ASSIGNED TASK — Find "展示多商户的拼团商品,平台可以对商品进行删除、上架、下架、编辑、删除等操作" in the entries below; copy that line through the last, exactly, with no pictures.

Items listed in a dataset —
======

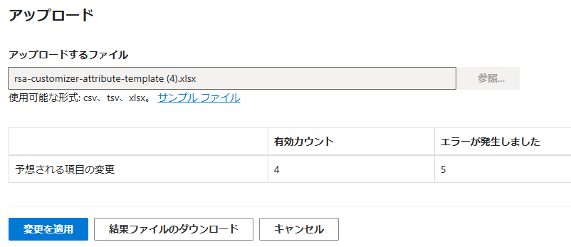 「アップロード」をクリックすると、「サンプルファイル」が表示されるのでダウンロードします。
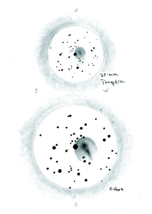 天の窓 さそり座の球状星団M4(5.6等)からはじめる。M4を導入するため、NP-127で30倍、実視界2.2度を実現するパンオプティック22mmを使う。 パンオプティック22mmでみるM4は、やわらかく丸く広がっている。あかるいが、ぼんやりとした星団の「傷あと」が北から南に走る。視野東端にはオレンジ色のアンターレスが鎮座、北西の等距離にはシグマScorpiiが輝く。 すべての対象が乳白色の星の光を背景に輝き、ところどころ淡い星雲の筋がこするようにみえている。まるで芸術家の筆からかもし出されたかのようである。 アイピースをイーソスに取り替えてみると、にわかにとまどう。視野全域はまったく同じ1.9度なのだが、M4をおよそ倍の倍率でみていることになる。同じ球状星団がこんどは、くっきりとした暗いレーンで囲まれたあざやかな恒星からなる月の大きさになる。中央のあわい「傷あと」は、球状に輝くあわい恒星を背景に、シャープに結像した10〜12等の恒星になってみえてくる。 パンオプティック22mmでは容易に認識できなかった外側を取り巻く光輪の姿も、球状星団M4の中心まわりに、一連の星の光が長く平行に密生し、太い放物線が形成されているのが判る。暗い背景により、M4だけでなくNGC6144の明るさも助長され、星の光で照らされる不規則な終端と、わずかに凝縮されたコアのあるはっきりとした球状星団に変わる。 広視界で拡大された対象の「WOW」係数は、「あわく不明瞭な対象」を観測したいアマチュアならだれもが高く評価する。さらに、イーソスは、とりわけ幅が10′を下回るディープスカイ対象を見つけ出して確認するときも時間の節約になる。 たとえば、白鳥座にある幅27″のまばたき星雲(NGC6826)など。22mmのアイピース(30倍)なら、実際、星の光にしかみえないが、イーソスを装着し倍率を上げることにより、小さく広がるディスクのような星雲であることが判ってくる。 従来のアイピースなら視野外にある対象も、イーソスなら有効視野内に飛び込んできて、比較対照できるメリットを感じる観測者も数多く出てくるだろう。また、コメットハンターにしても、より広い領域を高い倍率でカバーできるため、淡い彗星をとらえるチャンスが高くなる。
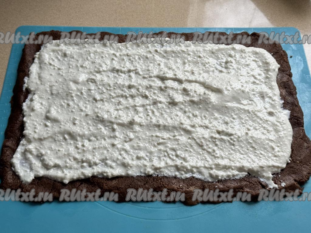Творожную начинку выложить на пласт, отступая от краёв пласта по 1 сантиметру.
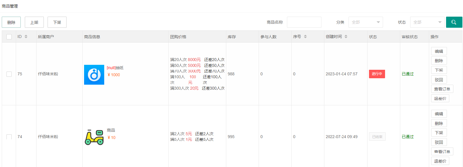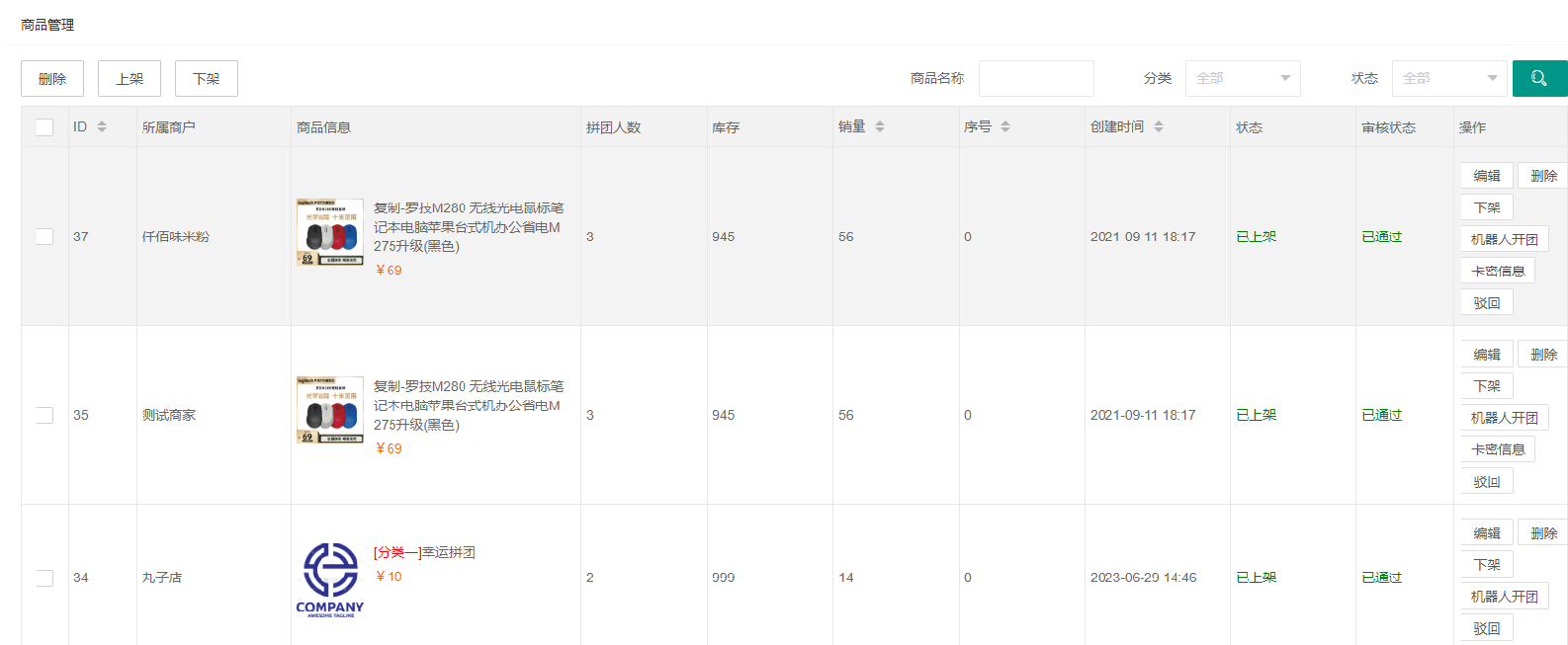 展示多商户的拼团商品,平台可以对商品进行删除、上架、下架、编辑、删除等操作
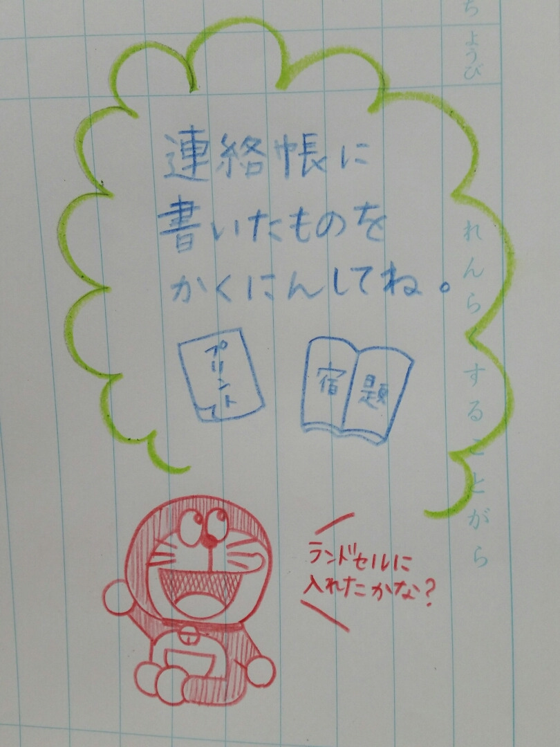 学校で必ず見る連絡帳に目立つようにメッセージ!
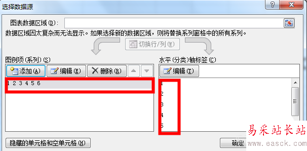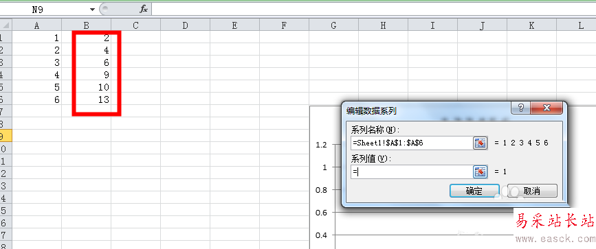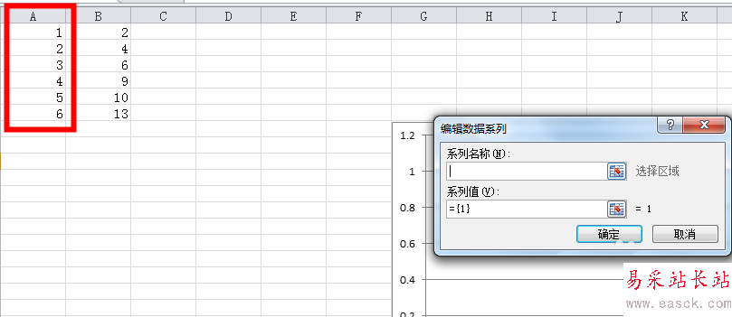 4、系列名稱是X軸,也就是小編這里的A列,系列值是Y軸,也就是小編這里的B列

======

RESULT OF THE EXERCISE —
 展示多商户的拼团商品,平台可以对商品进行删除、上架、下架、编辑、删除等操作
 学校で必ず見る連絡帳に目立つようにメッセージ!
 4、系列名稱是X軸,也就是小編這里的A列,系列值是Y軸,也就是小編這里的B列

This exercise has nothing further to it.